What you need to do: After locating the line with "São 7 capítulos" in the entries below, output it and each following line up to and including the line with "notizie di prosa", exactly and without pictures.

Given information:
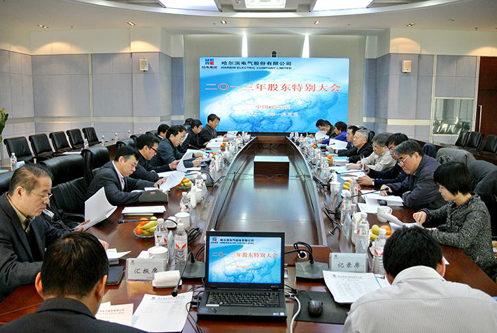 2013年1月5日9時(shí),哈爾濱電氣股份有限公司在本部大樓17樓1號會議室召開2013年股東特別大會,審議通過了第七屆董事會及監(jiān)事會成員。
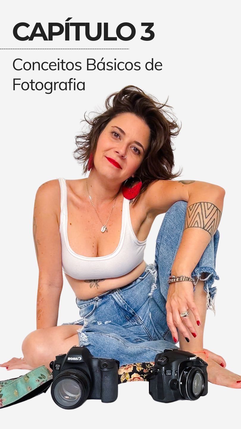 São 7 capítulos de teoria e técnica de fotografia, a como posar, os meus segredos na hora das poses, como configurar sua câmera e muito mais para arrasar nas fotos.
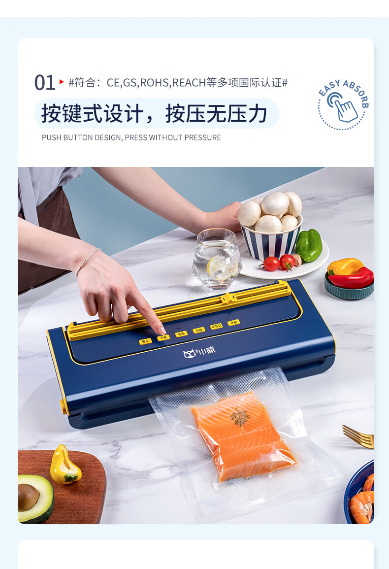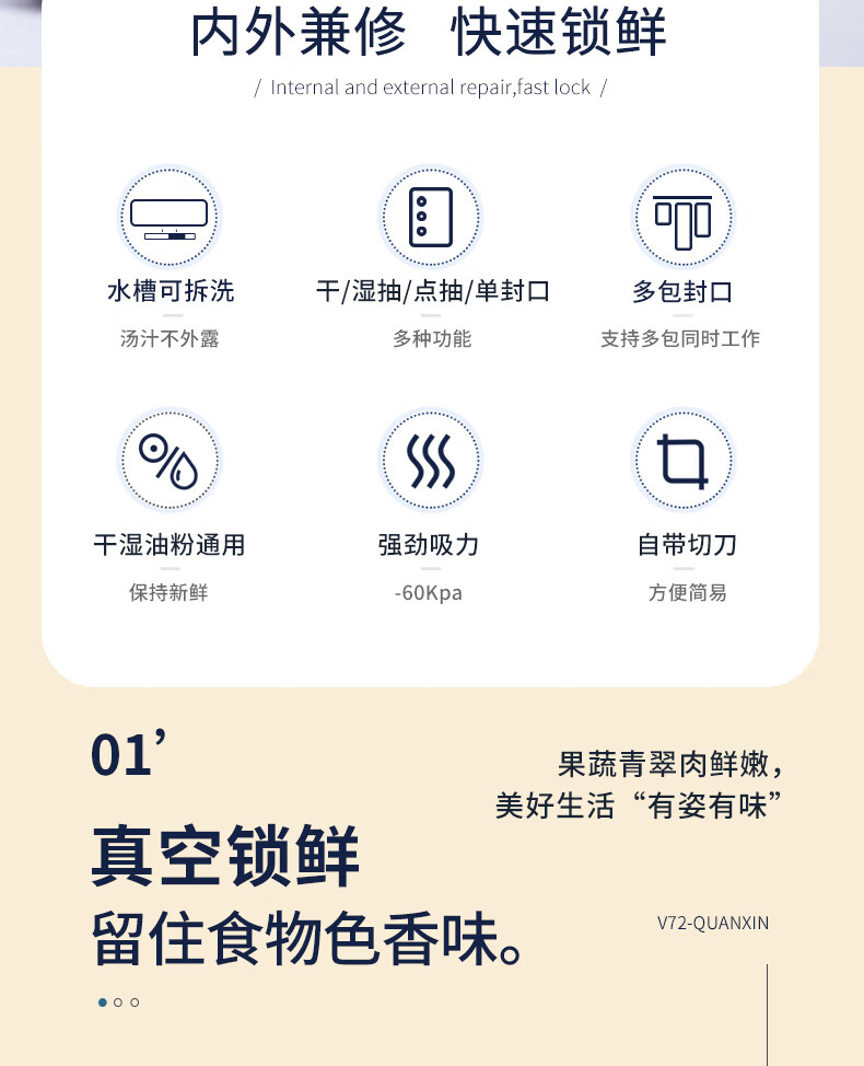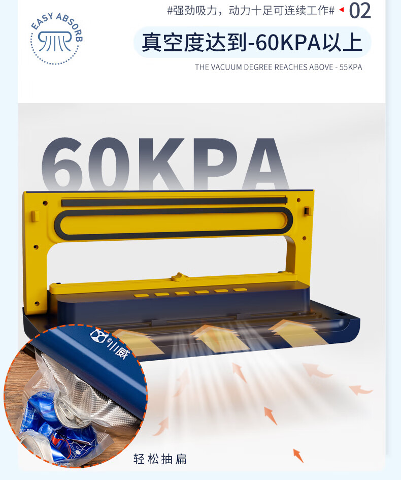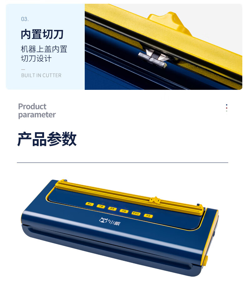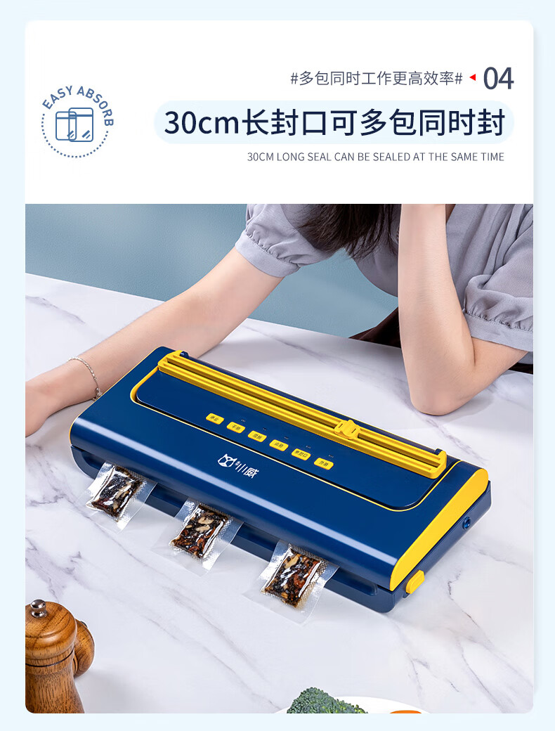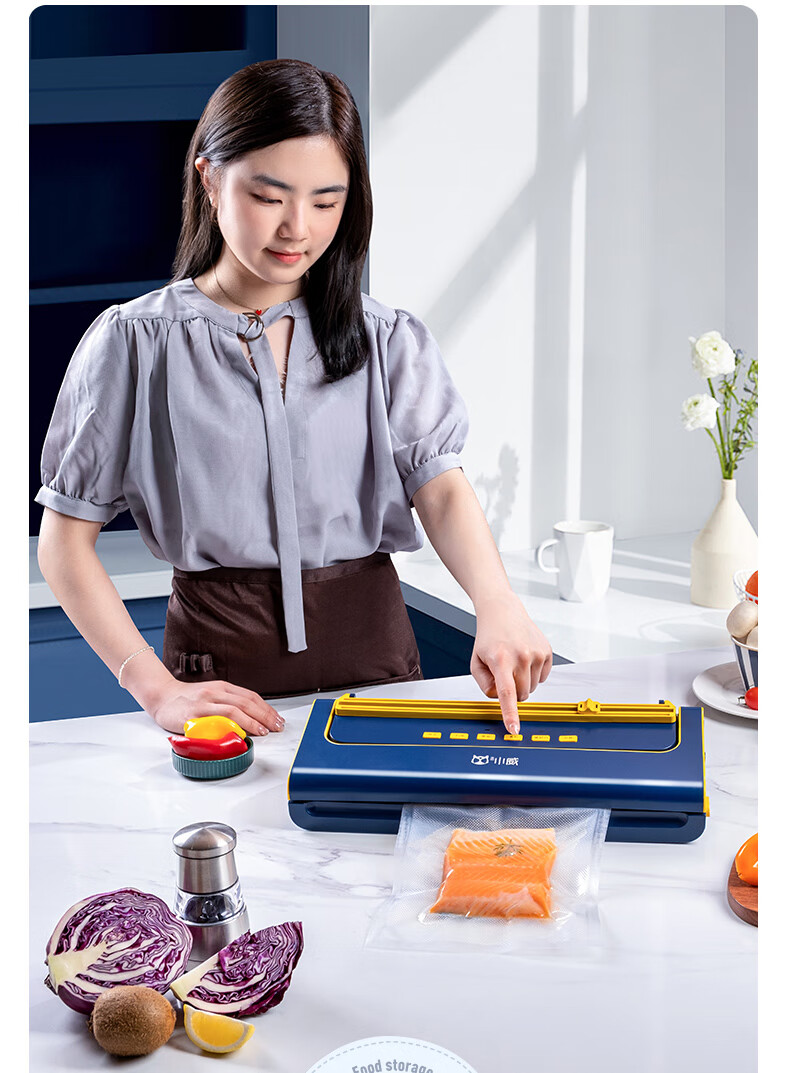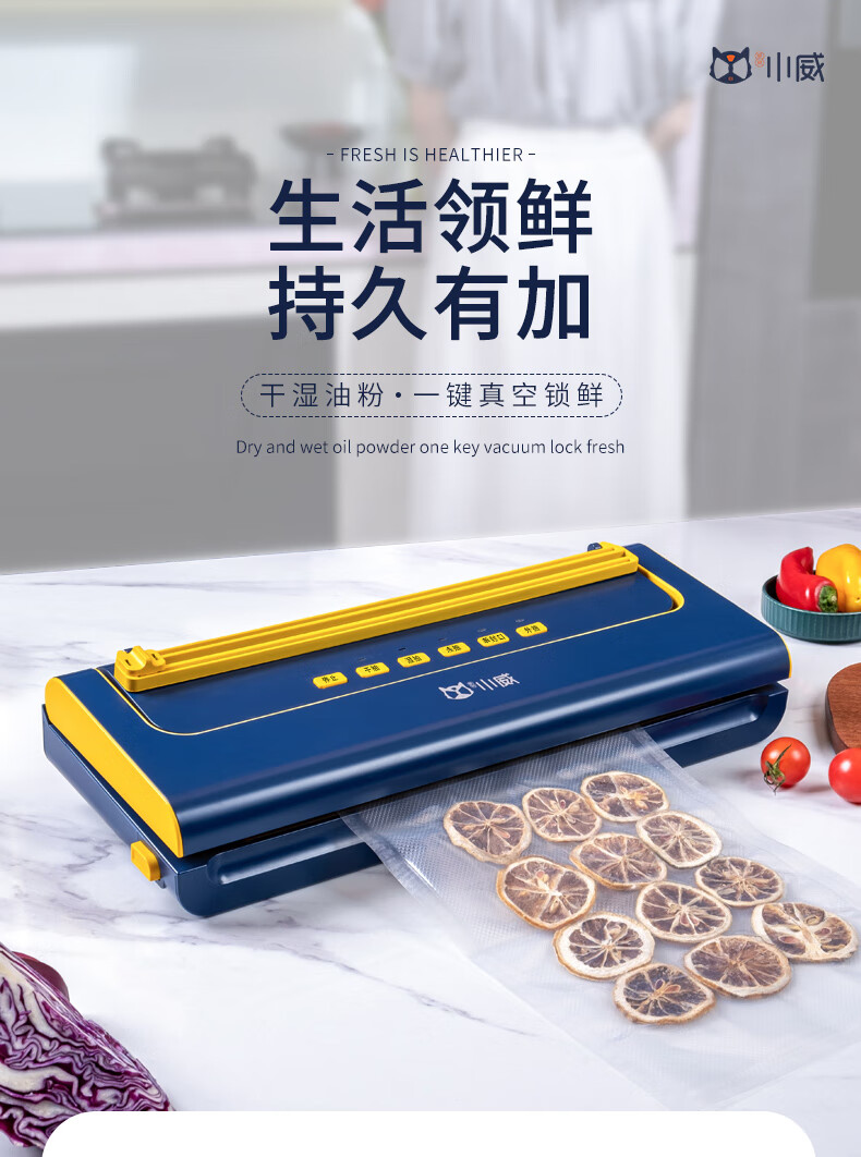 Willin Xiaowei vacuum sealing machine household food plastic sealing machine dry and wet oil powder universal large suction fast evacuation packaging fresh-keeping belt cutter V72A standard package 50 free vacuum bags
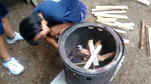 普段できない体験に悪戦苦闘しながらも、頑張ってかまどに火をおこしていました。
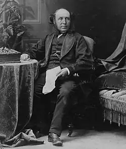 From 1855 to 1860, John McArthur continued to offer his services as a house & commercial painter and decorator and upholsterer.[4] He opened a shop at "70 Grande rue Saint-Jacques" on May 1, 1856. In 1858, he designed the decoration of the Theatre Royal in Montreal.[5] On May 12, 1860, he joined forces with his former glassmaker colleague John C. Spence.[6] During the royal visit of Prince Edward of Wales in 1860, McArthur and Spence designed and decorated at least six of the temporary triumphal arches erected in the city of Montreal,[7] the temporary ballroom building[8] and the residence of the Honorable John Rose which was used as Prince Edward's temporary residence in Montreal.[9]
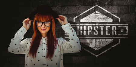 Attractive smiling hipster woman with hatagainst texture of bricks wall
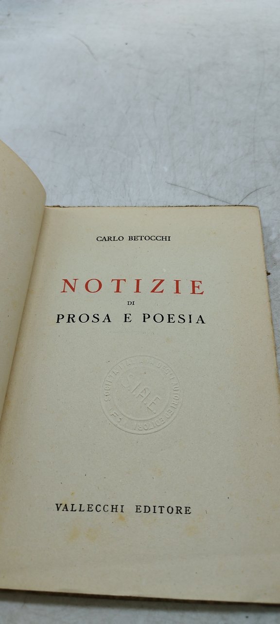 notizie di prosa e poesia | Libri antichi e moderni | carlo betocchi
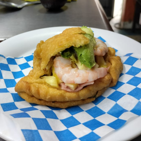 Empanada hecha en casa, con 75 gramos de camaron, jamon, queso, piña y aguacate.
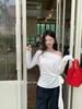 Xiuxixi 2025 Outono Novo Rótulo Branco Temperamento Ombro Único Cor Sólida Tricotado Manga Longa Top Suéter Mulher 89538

Problem solution:
 São 7 capítulos de teoria e técnica de fotografia, a como posar, os meus segredos na hora das poses, como configurar sua câmera e muito mais para arrasar nas fotos.
 Willin Xiaowei vacuum sealing machine household food plastic sealing machine dry and wet oil powder universal large suction fast evacuation packaging fresh-keeping belt cutter V72A standard package 50 free vacuum bags
 普段できない体験に悪戦苦闘しながらも、頑張ってかまどに火をおこしていました。
 From 1855 to 1860, John McArthur continued to offer his services as a house & commercial painter and decorator and upholsterer.[4] He opened a shop at "70 Grande rue Saint-Jacques" on May 1, 1856. In 1858, he designed the decoration of the Theatre Royal in Montreal.[5] On May 12, 1860, he joined forces with his former glassmaker colleague John C. Spence.[6] During the royal visit of Prince Edward of Wales in 1860, McArthur and Spence designed and decorated at least six of the temporary triumphal arches erected in the city of Montreal,[7] the temporary ballroom building[8] and the residence of the Honorable John Rose which was used as Prince Edward's temporary residence in Montreal.[9]
 Attractive smiling hipster woman with hatagainst texture of bricks wall
 notizie di prosa e poesia | Libri antichi e moderni | carlo betocchi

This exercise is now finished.